How Zero Trust Makes Businesses More Secure by Default

How Zero Trust Makes Businesses More Secure by Default

With all the breaches, hacks, and ransomware attacks making headlines lately, it’s pretty clear that companies are struggling to keep their data secure and their customers’ information private. Recent findings have demonstrated that even the biggest companies in the world cannot prevent these attacks from happening to them.

This can be not very encouraging, especially if you work in information security. But all hope is not lost! Changing how we think about security and adopting a zero-trust philosophy can make our businesses more secure by default than ever before—no matter how big or small they are!

Why Data Loss Prevention (DLP) Fails

Like firewalls, anti-virus software, and perimeter security controls, DLP is an essential piece of any IT security strategy. But just like these technologies, DLP isn’t a silver bullet that eliminates security risks. When implemented in isolation or as a single layer in a defense-in-depth approach, DLP can become an easy target for hackers and data thieves experienced at getting around it. To truly make your business more secure by default, you need to consider multiple layers of defense.

Risk Control in 3 Easy Steps

What are risk controls? They are defensive actions designed to prevent any potential threats or vulnerabilities from materializing into an actual problem. For example, a safety officer beyond a structure illustrates hazard control, and a vital one at that. He not only stands as an outward deterrent against potential troublemakers but also helps monitor and reduce risks internally.

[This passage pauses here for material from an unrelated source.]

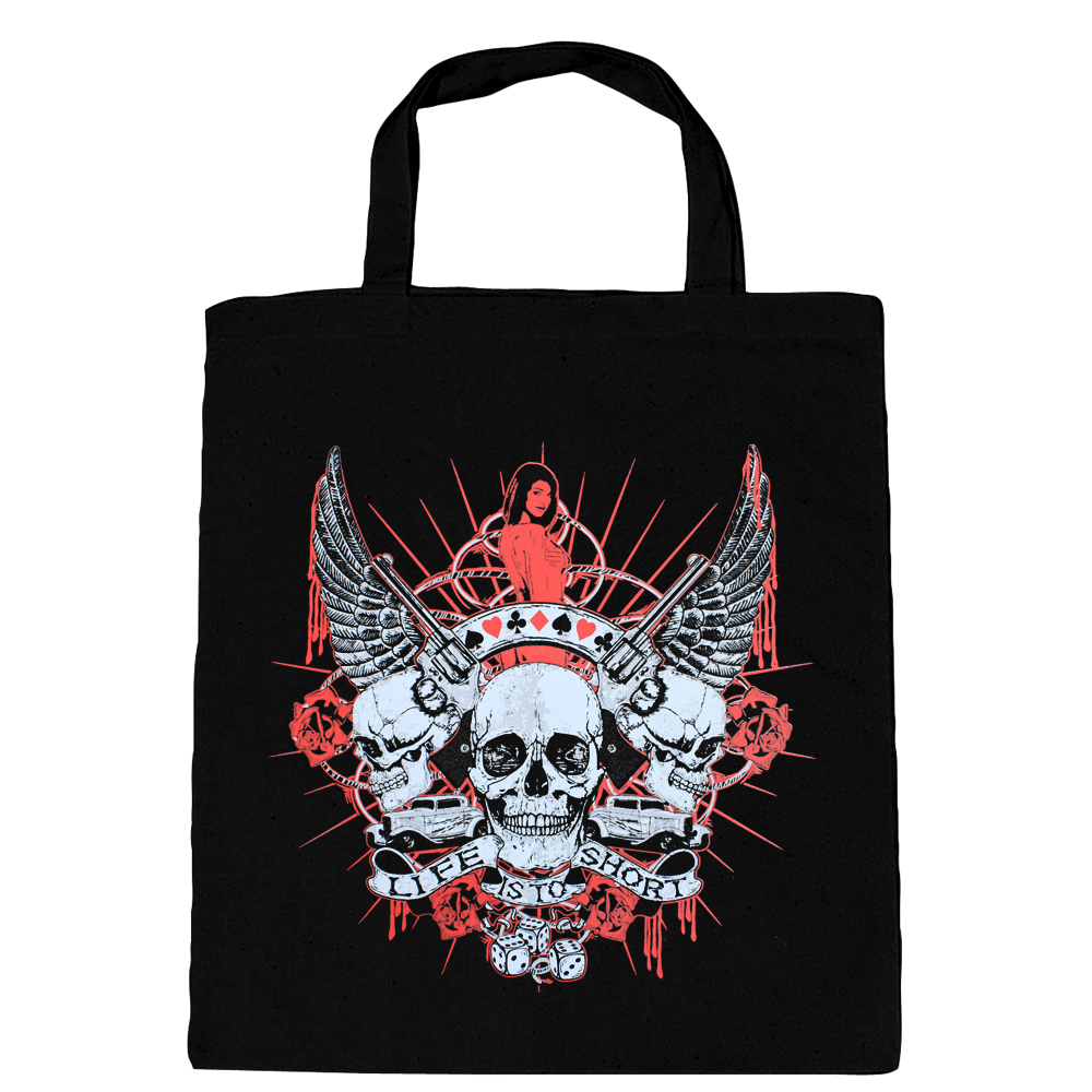 Baumwolltasche mit Print Life is to short Totenkopf Skull - B10223 schwarz

The Security Model that Works! You’ve probably heard that putting all your trust in Zero Trust is good. The problem with trusting anyone, though, is that you never know when they might let you down. But what if we were to tell you there’s a way to keep everyone honest without trusting them? What if you could create a zero-trust environment that makes it impossible for any data loss or security breach?

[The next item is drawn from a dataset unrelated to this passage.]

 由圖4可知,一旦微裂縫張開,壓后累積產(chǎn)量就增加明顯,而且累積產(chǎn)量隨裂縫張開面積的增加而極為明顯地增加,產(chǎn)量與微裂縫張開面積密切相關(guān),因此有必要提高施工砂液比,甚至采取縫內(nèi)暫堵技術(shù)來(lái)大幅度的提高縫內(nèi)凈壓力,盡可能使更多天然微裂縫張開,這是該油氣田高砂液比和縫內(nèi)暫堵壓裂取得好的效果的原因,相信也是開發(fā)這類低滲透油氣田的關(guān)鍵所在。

Identity Access Management (IAM)

Identity Access Management is a security practice that enables access to resources based on identity, not location or device. It might mean that people can access your services and data from any device, but you know exactly who is accessing it. IAM has been around for some time now, but adoption has been slow due to a lack of awareness and poor user experience. The good news is that many organizations are beginning to adopt IAM practices into their enterprise strategy as they realize that Zero Trust makes business secure by default.

Threat and Vulnerability Management (TVM)

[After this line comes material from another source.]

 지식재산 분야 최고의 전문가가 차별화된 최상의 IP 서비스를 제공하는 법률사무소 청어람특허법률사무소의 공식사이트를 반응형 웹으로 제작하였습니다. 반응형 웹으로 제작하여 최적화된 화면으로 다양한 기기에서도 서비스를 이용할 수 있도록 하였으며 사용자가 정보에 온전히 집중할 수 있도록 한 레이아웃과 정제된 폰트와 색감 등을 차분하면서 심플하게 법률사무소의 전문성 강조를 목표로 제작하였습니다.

Every business – no matter how small – is at risk of being attacked. But even with proactive security measures, being hacked is a reality for most enterprises. The only way to truly minimize risk and secure your organization from an attack is to treat every employee as a threat and every device as a vulnerability until proven otherwise. Zero trust makes businesses more secure by default. (Emphasis ours.)

Incident Response and Reporting (IRR)

While zero-trust security is a reality today, it’s not enough to use technologies that isolate and protect data from unauthorized users. You must also build IRR policies to report and investigate any potential incidents, ensuring your business can respond quickly when breaches occur. A zero trust strategy works best when paired with a centralized reporting framework like Splunk; IRR technology can help you collect and analyze incident data for faster identification of threats, faster resolution processes and reduced risks for your business.

Zero Trust Architecture Diagrams

The diagram below provides a high-level overview of how Zero Trust Architecture works. It’s based on concepts first introduced in Security in Computing: Building Systems Resilient to Attack (2003) and Risk Management Guide for Information Technology Systems (2005).


We live in a world where technology permeates every aspect of our lives. As we’ve moved away from physical, tangible, and digital security, we’ve left ourselves vulnerable to stolen identities, breaches of sensitive data, attacks on our infrastructure, and more. Implementing zero trust security principles will ensure that even if one area of your business has a vulnerability, there will be multiple layers of protection between any threat actor and your company’s most valuable assets.